Wow. Well...were I him, and I read this, I'd be concerned. But it sounds like yall do have some tough odds to overcome. That's a pretty big age difference especially considering your youth and his past. Not to mention the difference in religons. That's pretty big.

But you are where you are so the question is now what? I think you should sit down with him and share your true feelings and talk it out. But you've got to address it now. Don't sit on this for years and years.

Good luck.


----------



## Deejo (May 20, 2008)

I may be way off, but my sense tells me that what drove you to marry this guy in the first place was probably far more about staking a claim on your independence, than it was out of love for him.

You contrast your personality as being very different from your sisters. (Assuming that they think you are absolutely nuts to limiting yourself in marrying a U.S. Marine) You chose to follow your heart over the wishes of your family. You abandoned everything you knew - all in the pursuit of love. You rebelled.

It's admirable. It makes for great movies. But it is apparent that you are already considering the longer term implications of your actions.

You made a choice. I'm not saying you made a bad choice. But by making a choice, you eliminate other choices. Based upon the choice you made, most of those other things you had hoped for, or considered are simply no longer available. If the prospect of dating, partying, and vacationing fills you with excitement, and the thought of getting a job, having kids, and at times struggling to make ends meet fills you with dread, you were *not* ready to be married. 

Regardless of what your circumstances are, choose happiness.


----------



## fly_guy (Mar 26, 2009)

This is a sad position to be in. My wife and I were married young (quite a bit younger than you.) I personally was in a much better position to be married than she. At the time we didn't realize this (we were young) and it was a shock to me when it started to become a huge issue in our marriage.

She felt she had lost out on all these things. We were a year into our marriage and we had a surprise baby. A beautiful baby girl. Take the random thoughts before hand, mix them with hormonal imbalance after pregnancy, and touch it off with some PPD: you had my wife. 

When all was said and done it came down to a choice. Do you live in the past or trust / live for the decision you made? Look the paycheck to paycheck thing could be fixed by quite a few ways. (My personal endorsement is Dave Ramsey who is a financial genius, in my opinion. He's helped my family a ton.)

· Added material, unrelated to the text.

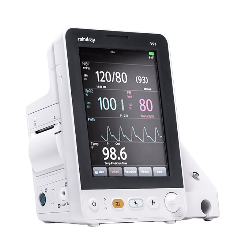 Mindray VS 8 Vital Signs Monitor is a professional vital-signs monitoring device designed for hospitals, clinics, and bedside observation. It supports measurements including NIBP, pulse rate, SpO₂, respiration rate, and temperature. The monitor features M

> I had dreamed of a beautiful wedding ever since i was young, but I will not ever have that, I mean is this it? Now i just keep going the way we are going have kids and thats it?
> 
> I never had an adventure or girl time vaction,so what happens next?? I never gave dating a chance? I ddin't do late night parties. Did I mess up and miss my youth?????

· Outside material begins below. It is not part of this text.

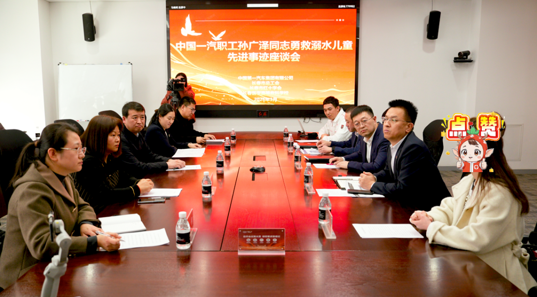 勇救溺水儿童的主人公、中国一汽职工孙广泽,被救儿童母亲暴女士,长春市红十字会党组书记、专职副会长孙盛锋,长春医学高等专科学校党委委员、副校长赵欣,长春市总工会保障部部长陆璐,中国一汽安全环境保障部副总经理郑锐、集团工会副主席姬小明、质量保证部副总经理姜海等共同参加了此次座谈会。

You may never have a beautiful wedding. Is that going to be okay with you? Are you willing to let your thought process widdle your marriage down?

I'm a great believer in the fact that your mind can be your worst enemy. Say you continue down the road of "what if's?" like my wife did. I had no clue what was going on due to lack of communication with my wife. I almost lost my wife due to "what if's?" Not because she wanted to leave but her indecisiveness killed me. I was left on the edge of constantly being afraid she was going to leave because she "never went to prom." So on and so forth.

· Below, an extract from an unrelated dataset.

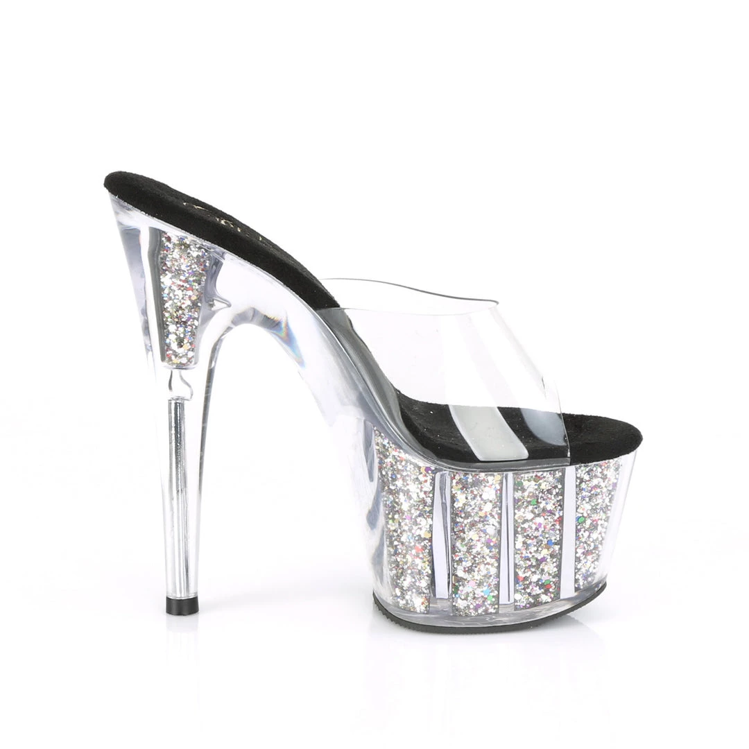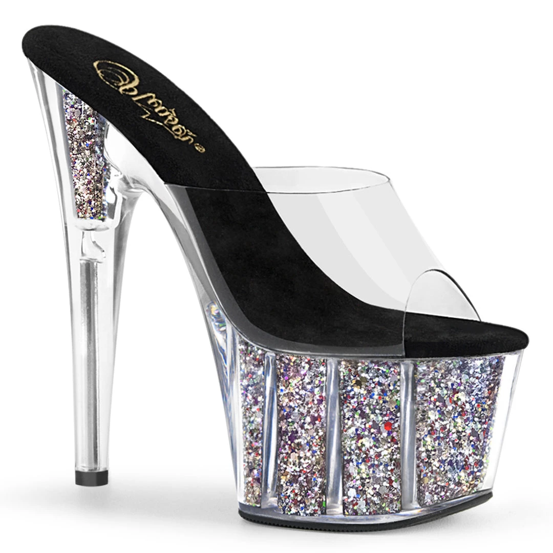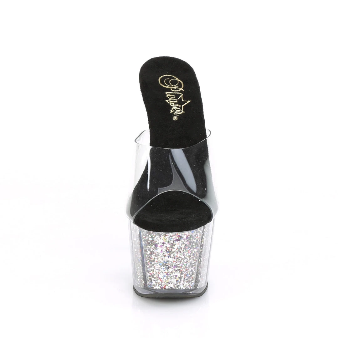7 (178mm) Heel, 2 3/4 (70mm) Platform Slide w/ Confetti Glitter Inserts in the Platform Bottom

I gave my wife an ultimatum at one point. Choose life with my daughter and I or go chase her "what if's." She chose the first, and I can tell you she hasn't regretted it since. I'd push you to embrace the life *you chose* with your husband. Issues can be dealt with. Be upfront with him. Let him know you are worried about your financial situation. Tell him to tune in from 2-5pm EST to guys like Dave Ramsey, etc. It's amazing how changing your financial situation alone can help you handle life much easier no matter what it throws at you.

But you need to make a decision and stick with it 110%. Choose the life you chose with your husband, or get out now before you waste a lot of time and heartache. My wife's grandparents are a shining example of "We shouldn't have gotten married." How sad to see two people in their 60's so unhappy with the life they chose. Even sadder, neither decided to stick with the decision of making the best of their life with the one they chose. Had they done that, life may have been much better.


----------